:: Task objective ::
From the records below, please print only the lines from the one containing "Documentul plânge dispariția" through the one containing "예천군은 2025년 한", both included. Skip the pictures.

:: Input ::
#####

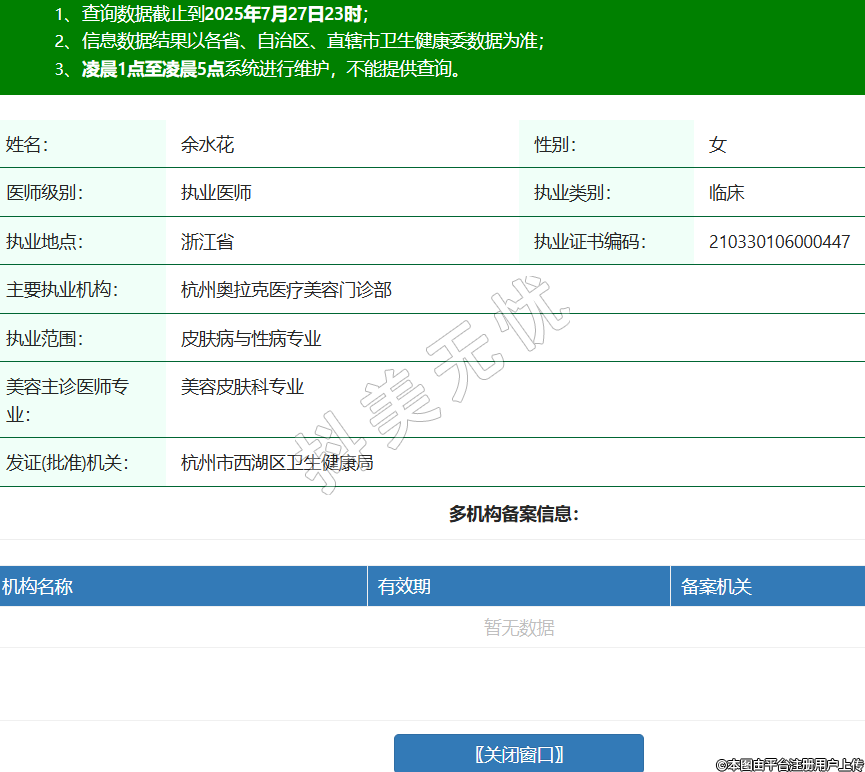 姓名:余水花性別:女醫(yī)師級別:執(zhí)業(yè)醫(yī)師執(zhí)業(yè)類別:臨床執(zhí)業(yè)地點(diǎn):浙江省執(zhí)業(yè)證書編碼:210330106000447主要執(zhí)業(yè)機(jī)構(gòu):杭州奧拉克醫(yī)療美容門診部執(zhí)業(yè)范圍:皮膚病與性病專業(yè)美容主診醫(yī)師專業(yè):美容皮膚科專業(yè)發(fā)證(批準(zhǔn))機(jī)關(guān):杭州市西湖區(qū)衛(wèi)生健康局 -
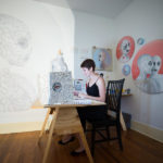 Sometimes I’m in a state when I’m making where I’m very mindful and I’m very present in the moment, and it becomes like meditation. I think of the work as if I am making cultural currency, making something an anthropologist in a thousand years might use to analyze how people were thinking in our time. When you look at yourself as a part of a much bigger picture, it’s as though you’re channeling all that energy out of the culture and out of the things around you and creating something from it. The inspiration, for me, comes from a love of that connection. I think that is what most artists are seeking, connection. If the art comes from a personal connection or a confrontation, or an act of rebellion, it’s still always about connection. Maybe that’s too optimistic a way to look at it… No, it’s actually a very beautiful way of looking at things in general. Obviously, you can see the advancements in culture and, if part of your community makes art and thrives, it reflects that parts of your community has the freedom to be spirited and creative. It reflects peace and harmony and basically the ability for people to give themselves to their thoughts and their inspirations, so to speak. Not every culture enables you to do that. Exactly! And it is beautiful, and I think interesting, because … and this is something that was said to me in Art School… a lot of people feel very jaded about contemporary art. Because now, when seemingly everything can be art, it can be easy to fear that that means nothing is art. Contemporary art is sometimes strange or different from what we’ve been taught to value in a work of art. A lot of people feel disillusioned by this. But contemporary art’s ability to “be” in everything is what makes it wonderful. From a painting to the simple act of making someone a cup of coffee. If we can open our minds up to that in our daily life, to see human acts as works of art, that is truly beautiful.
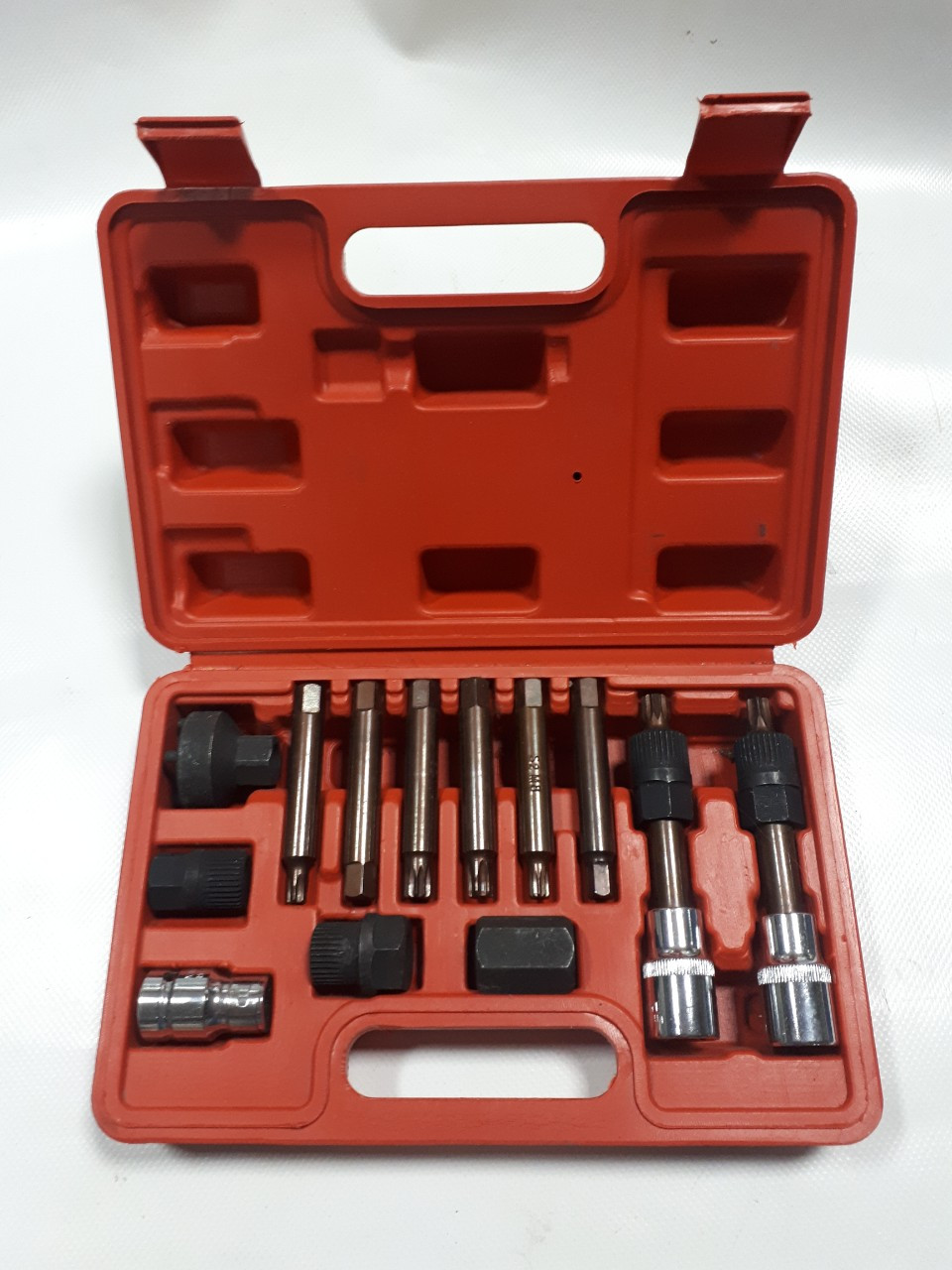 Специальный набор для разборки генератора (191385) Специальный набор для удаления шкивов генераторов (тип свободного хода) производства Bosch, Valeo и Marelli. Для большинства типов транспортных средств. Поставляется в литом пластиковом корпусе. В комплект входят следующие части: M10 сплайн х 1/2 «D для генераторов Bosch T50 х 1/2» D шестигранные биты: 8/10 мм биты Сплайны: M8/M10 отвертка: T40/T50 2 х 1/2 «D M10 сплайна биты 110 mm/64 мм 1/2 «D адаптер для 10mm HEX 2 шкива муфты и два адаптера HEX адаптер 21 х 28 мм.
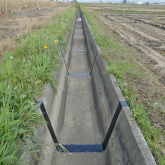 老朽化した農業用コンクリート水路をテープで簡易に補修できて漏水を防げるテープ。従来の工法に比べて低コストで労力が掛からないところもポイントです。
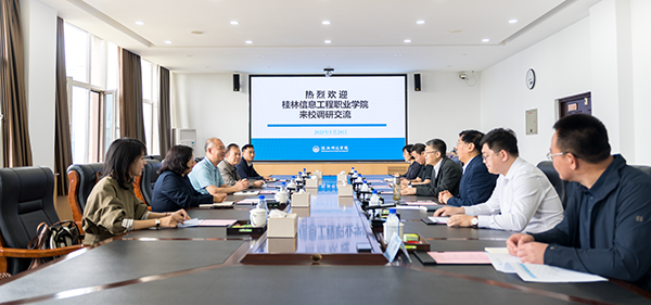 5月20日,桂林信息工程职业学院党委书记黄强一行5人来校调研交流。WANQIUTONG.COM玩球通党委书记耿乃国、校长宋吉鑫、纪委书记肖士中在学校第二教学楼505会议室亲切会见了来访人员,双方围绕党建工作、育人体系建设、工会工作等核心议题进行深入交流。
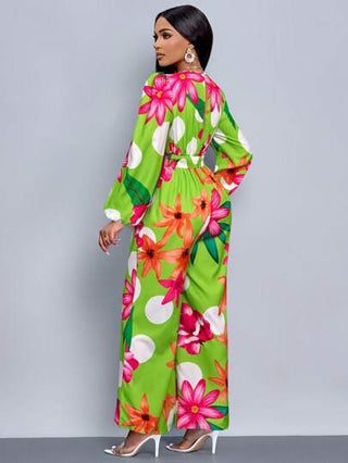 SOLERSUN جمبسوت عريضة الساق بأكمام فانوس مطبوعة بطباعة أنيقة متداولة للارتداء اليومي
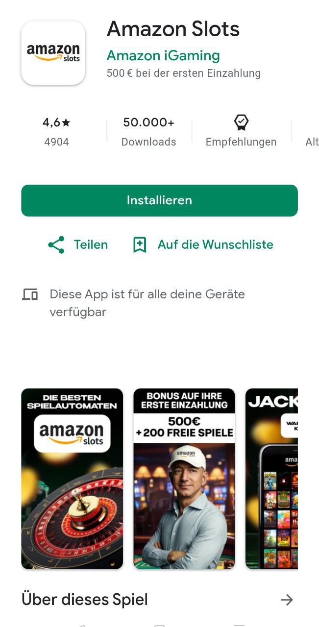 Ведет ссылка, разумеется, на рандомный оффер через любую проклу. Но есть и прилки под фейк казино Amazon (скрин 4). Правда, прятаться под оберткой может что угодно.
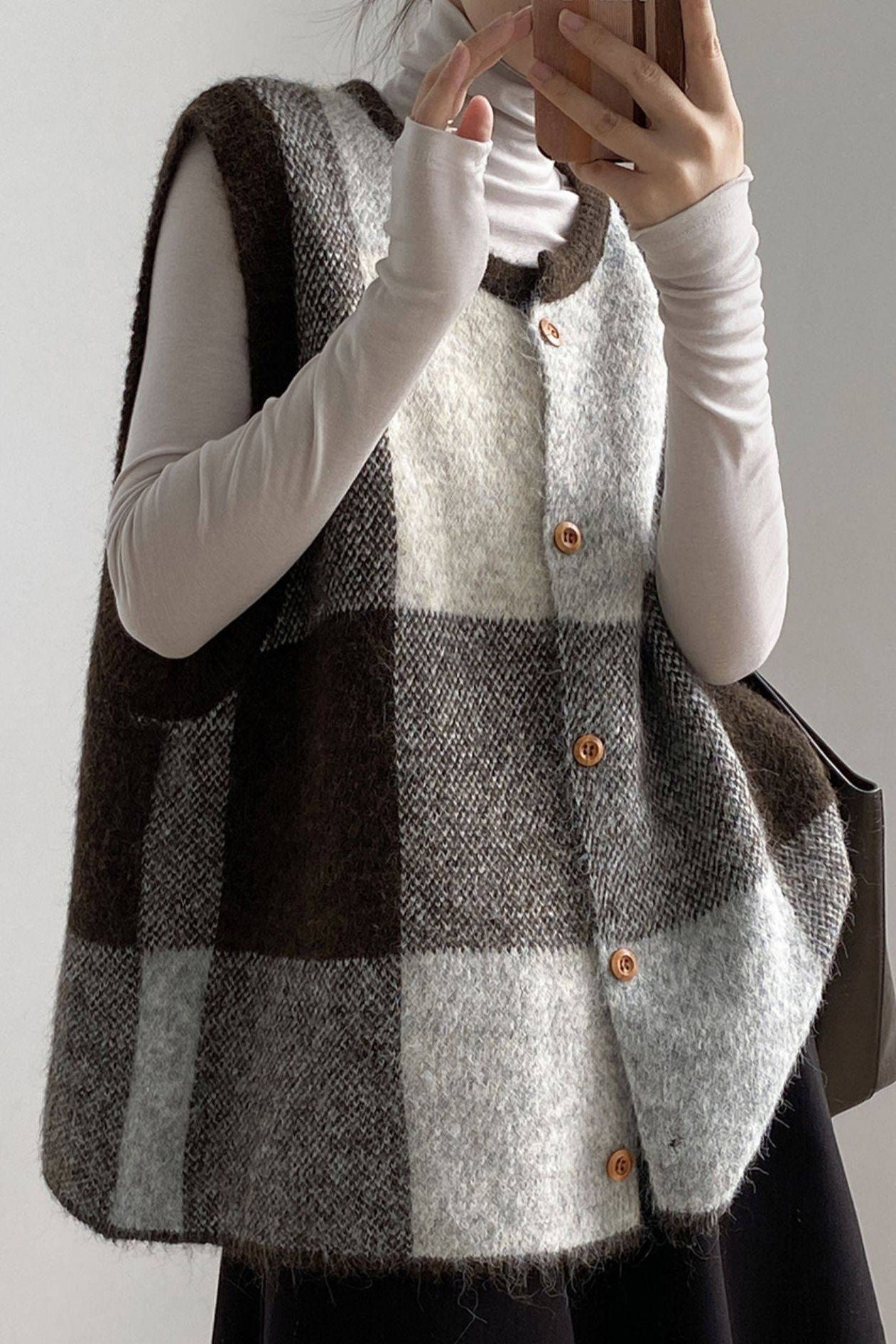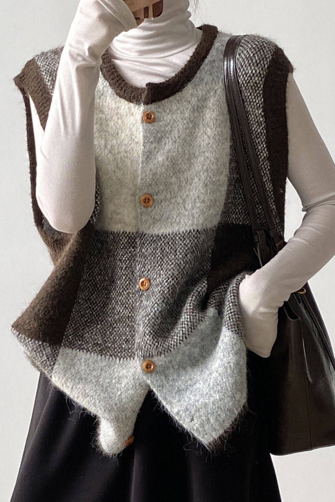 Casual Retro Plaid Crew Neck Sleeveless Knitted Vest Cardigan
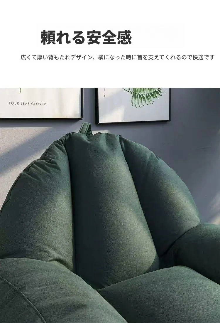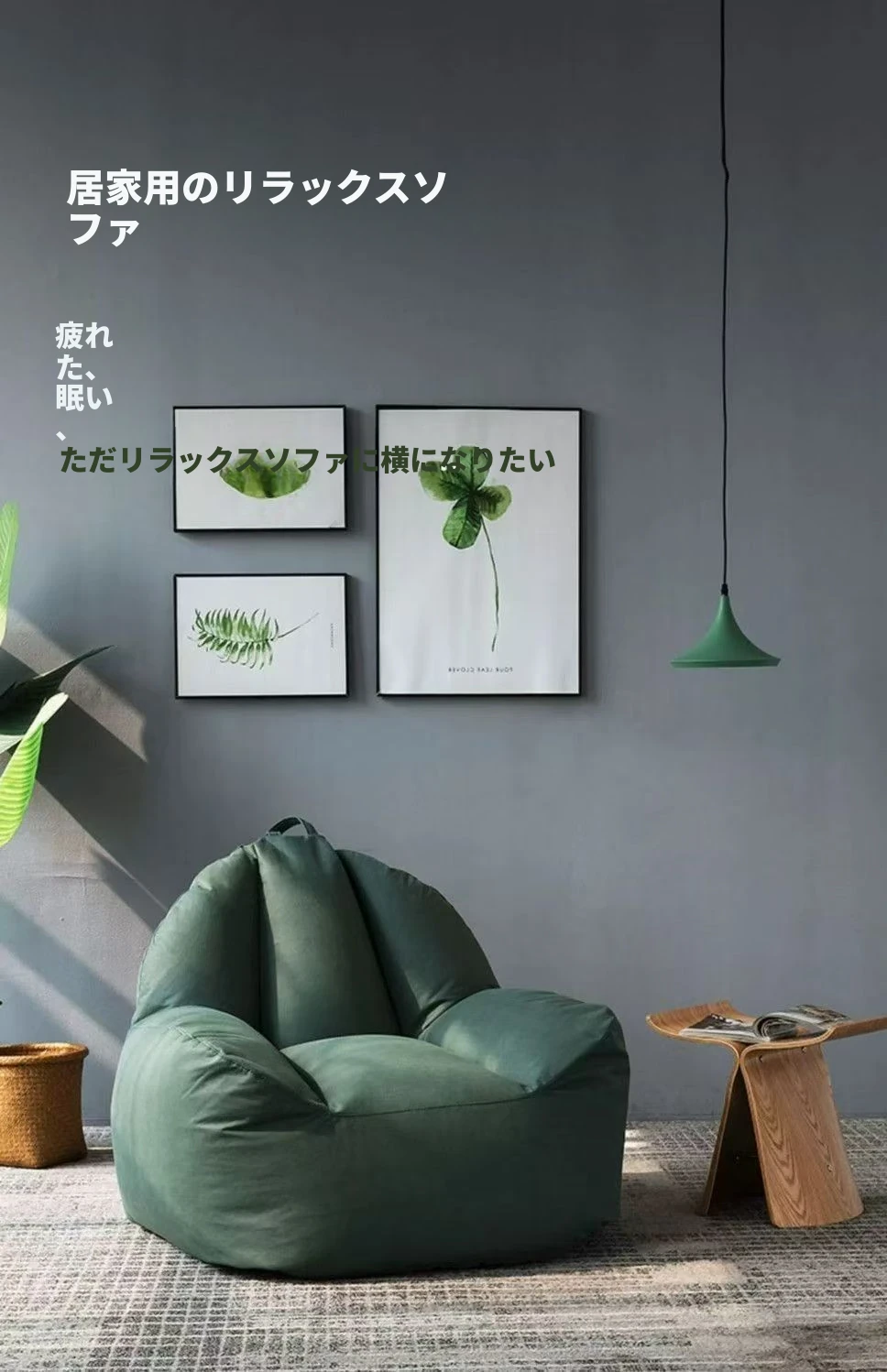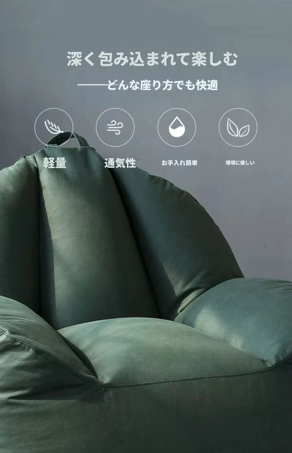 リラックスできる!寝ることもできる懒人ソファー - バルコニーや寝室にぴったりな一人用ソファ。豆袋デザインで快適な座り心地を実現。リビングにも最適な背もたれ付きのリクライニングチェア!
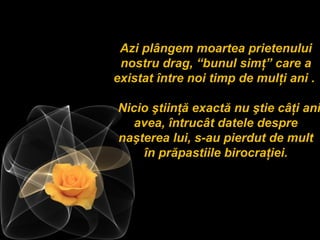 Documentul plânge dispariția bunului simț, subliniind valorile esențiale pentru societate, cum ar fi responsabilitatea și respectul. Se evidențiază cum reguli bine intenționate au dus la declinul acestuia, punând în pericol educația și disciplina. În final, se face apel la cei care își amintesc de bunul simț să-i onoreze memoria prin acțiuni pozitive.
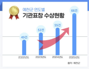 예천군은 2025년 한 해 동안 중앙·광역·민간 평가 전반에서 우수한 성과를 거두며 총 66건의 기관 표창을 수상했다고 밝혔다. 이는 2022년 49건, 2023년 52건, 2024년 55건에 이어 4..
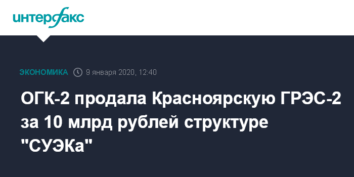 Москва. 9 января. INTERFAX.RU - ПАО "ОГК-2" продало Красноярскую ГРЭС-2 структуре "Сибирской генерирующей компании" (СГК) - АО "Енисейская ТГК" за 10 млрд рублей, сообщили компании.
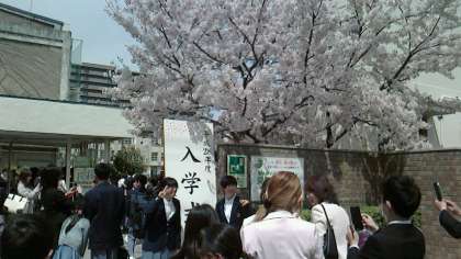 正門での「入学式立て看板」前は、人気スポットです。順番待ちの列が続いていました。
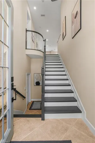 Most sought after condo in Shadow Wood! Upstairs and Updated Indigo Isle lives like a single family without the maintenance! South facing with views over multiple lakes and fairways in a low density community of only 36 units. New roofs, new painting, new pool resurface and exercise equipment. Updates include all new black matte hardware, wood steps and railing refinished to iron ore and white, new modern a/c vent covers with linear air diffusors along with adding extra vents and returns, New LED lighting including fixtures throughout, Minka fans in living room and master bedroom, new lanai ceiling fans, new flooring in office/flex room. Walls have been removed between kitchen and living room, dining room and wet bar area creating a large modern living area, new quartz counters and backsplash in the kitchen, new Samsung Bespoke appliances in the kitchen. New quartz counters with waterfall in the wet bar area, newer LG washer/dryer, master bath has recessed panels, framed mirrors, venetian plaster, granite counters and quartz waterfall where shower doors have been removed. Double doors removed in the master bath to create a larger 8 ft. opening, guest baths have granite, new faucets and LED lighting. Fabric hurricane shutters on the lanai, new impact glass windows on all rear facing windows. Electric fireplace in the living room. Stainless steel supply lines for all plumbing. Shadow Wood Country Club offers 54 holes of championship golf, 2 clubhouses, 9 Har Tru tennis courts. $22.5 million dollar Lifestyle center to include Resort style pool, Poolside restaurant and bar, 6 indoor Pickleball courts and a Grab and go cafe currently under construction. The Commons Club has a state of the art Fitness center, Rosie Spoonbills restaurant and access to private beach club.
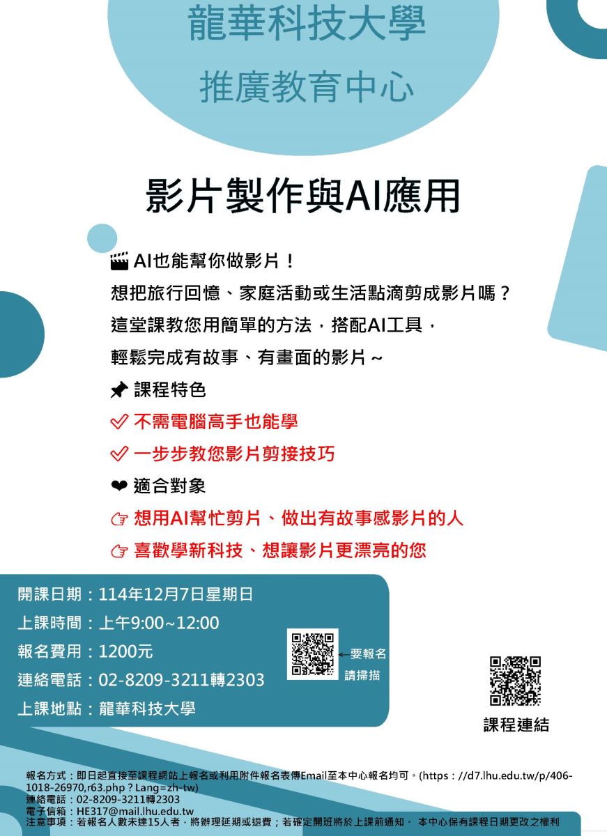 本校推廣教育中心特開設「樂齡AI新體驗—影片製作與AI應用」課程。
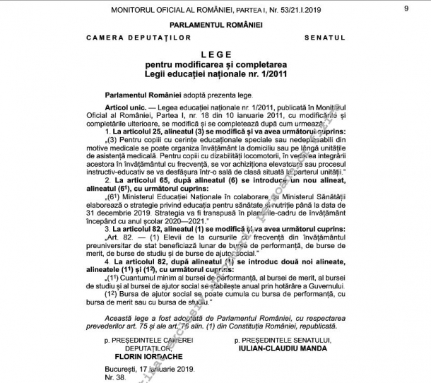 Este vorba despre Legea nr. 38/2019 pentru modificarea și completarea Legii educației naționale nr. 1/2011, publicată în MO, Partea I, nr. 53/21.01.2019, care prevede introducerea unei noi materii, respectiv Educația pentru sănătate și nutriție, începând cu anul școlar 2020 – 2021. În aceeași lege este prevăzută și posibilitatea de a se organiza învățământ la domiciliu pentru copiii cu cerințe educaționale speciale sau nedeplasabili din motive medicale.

#####

:: Answer box ::
 Documentul plânge dispariția bunului simț, subliniind valorile esențiale pentru societate, cum ar fi responsabilitatea și respectul. Se evidențiază cum reguli bine intenționate au dus la declinul acestuia, punând în pericol educația și disciplina. În final, se face apel la cei care își amintesc de bunul simț să-i onoreze memoria prin acțiuni pozitive.
 예천군은 2025년 한 해 동안 중앙·광역·민간 평가 전반에서 우수한 성과를 거두며 총 66건의 기관 표창을 수상했다고 밝혔다. 이는 2022년 49건, 2023년 52건, 2024년 55건에 이어 4..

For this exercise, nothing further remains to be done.